◆ **DIRECTIONS FOR THIS TASK**
Retype all data exactly as given. Pictures should not be retyped.

DATA EXTRACT Start Marker

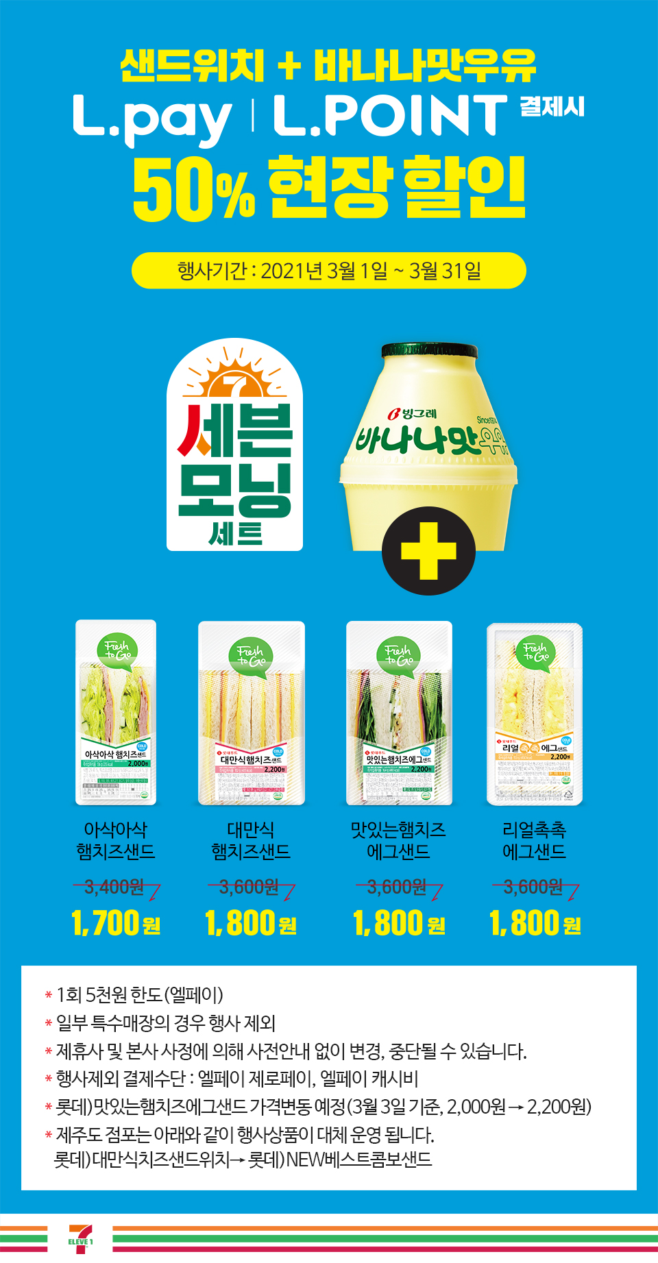 샌드위치 바나나우유 L.pay L.POINT 결제시 50% 현장할인
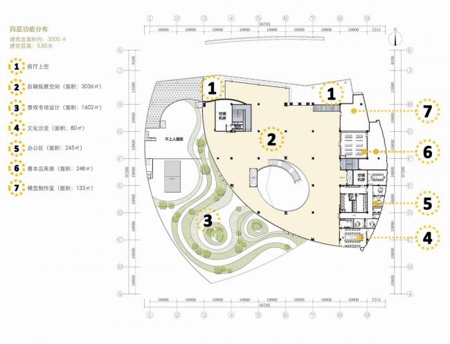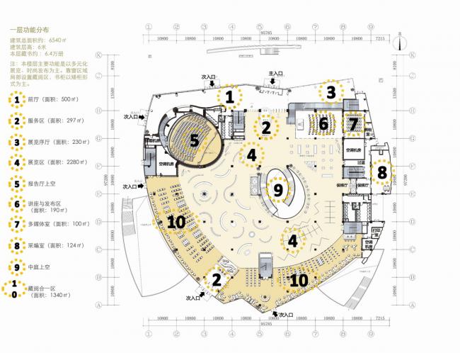 各层功能分布充分考虑现代图书馆的开放和高效性特点及新技术、新管理方式的采用。图书馆平面布局紧凑而有条理,交通组织便捷通畅,在分布藏书区、藏阅一体区、阅读区、休闲阅读区、私密阅读区、交流探讨区时,考虑到各功能分区之间的关联、管理和查阅的便捷与高效性。
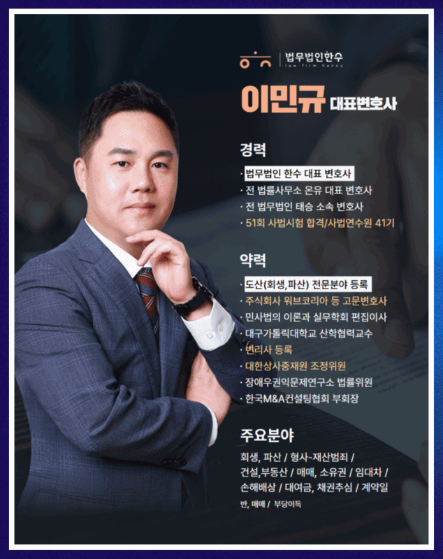 여러분에게 늘 솔직한 조언을 약속하는 건설법인회생 전문 변호사 이민규입니다.

DATA EXTRACT End Marker

◆ **TASK RESPONSE**
 샌드위치 바나나우유 L.pay L.POINT 결제시 50% 현장할인
 各层功能分布充分考虑现代图书馆的开放和高效性特点及新技术、新管理方式的采用。图书馆平面布局紧凑而有条理,交通组织便捷通畅,在分布藏书区、藏阅一体区、阅读区、休闲阅读区、私密阅读区、交流探讨区时,考虑到各功能分区之间的关联、管理和查阅的便捷与高效性。
 여러분에게 늘 솔직한 조언을 약속하는 건설법인회생 전문 변호사 이민규입니다.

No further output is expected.